Tu 2208 was a gift of Dr T Yamauchi (Yoshitomi Pharmaceuticals) and Ro 48-8071 was a gift of Dr Olivier Morand (F Hoffmann-La Roche, Ltd). Pure crystalline simvastatin was received from Merck, Sharp and Dohme (Ireland, Ltd). Protein dye binding substrates and standards were obtained from Biorad Inc. (Hercules, California, USA). Precast polyacrylamide gels, sample, running and transfer buffers were obtained from Novex-Invitrogen (Carlsbad, California, USA). The primary monoclonal antibody, MC204, recognising murine multidrug resistance protein, isoform 2 (Mdr2), was obtained from Kamiya Biomedical Company (Seattle, Washington, USA). A polyclonal antibody raised against the C terminus of rat bile salt export protein (bsep) was a generous gift of Dr Bruno Stieger (University Hospital, Zurich, Switzerland).20 Antibodies were detected using appropriate horseradish peroxidase conjugated secondary antibodies (Jackson Immunoresearch Laboratories, West Grove, Pennsylvania, USA) with a chemiluminescence kit (New England Nuclear Inc., Boston, Massachusetts, USA). A “Quantity One” densitometer (Biorad Inc.) was used to measure expression density.

Inbred mice

Six week old male C57L and AKR mice were supplied by the Jackson Laboratory (Bar Harbor, Maine, USA). They were acclimatised for two weeks in the animal research facility of Harvard Medical School and maintained under normal 12 hour alternating light-dark conditions, with water available ad libitum. All experiments were executed according to the accepted criteria for the care and experimental use of laboratory animals, and euthanasia was consistent with recommendations of the American Veterinary Medical Association. All protocols were approved by the Institutional Animal Care and Use Committee of Harvard University.

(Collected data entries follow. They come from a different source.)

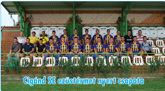
Cigánd SE ezüstérmet nyert csapata

Egyesületünk eddigi legnagyobb sikerét érte el azzal, hogy felnőtt csapatunk június 11. véget ért bajnokságban a 2. helyen végzett. A sikernek számos összetevője volt, amire hosszadalmas lenne kitérni. Úgyhogy a Cigánd Sportegyesület megköszöni minden lelkes játékosának, edzőjének, támogatójának és szurkolóinak az egész éves munkáját és kitartását.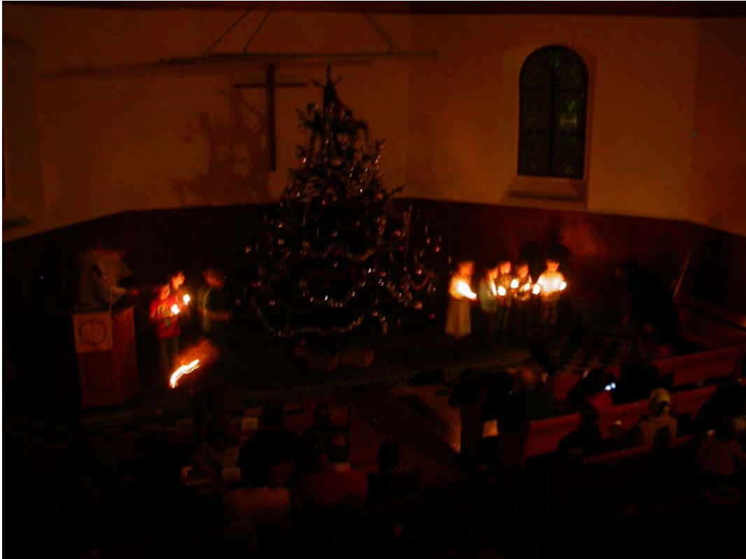
Un Noël en 2010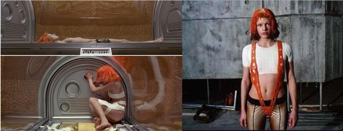
Slika 6. Leeloo kostim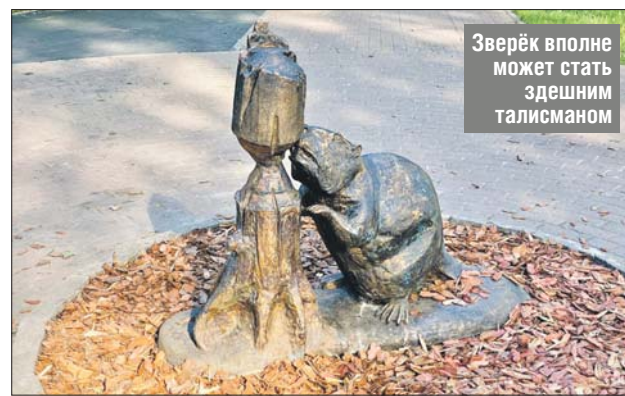
Зверёк вполне может стать здешним талисманом

Drug administration and dosage

Previously, we had quantified the daily weight consumption of the lithogenic diet (LD) (prepared in the diet kitchen of the Jackson Laboratory) by C57L and AKR inbred mouse strains21 and thereby calculated the concentrations of drug necessary to compound with the daily feeds. Chow and LDs (plus drug at each dosage level) were compounded in the diet kitchen of the Jackson Laboratory. Eight week old male C57L mice were fed LD plus Tu 2208 30 mg/kg/day (group Tu 30, n = 14) and 60 mg/kg/day (group Tu 60, n = 6), Ro 48-8071 30 mg/kg/day (group Ro 30, n = 15), 60 mg/kg/day (group Ro 60, n = 6), and 100 mg/kg/day (group Ro 100, n = 6). Contemporaneous controls (n = 12) were fed LD alone or LD plus simvastatin 10 mg/kg/day. AKR mice were fed LD alone (n = 11) or LD plus simvastatin (n = 5). While on diet, animals were sacrificed at 56 days using pentobarbital sodium 4.5 mg/100 g body weight for anaesthesia (Nembutal; Abbott Laboratories, Chicago, Illinois, USA).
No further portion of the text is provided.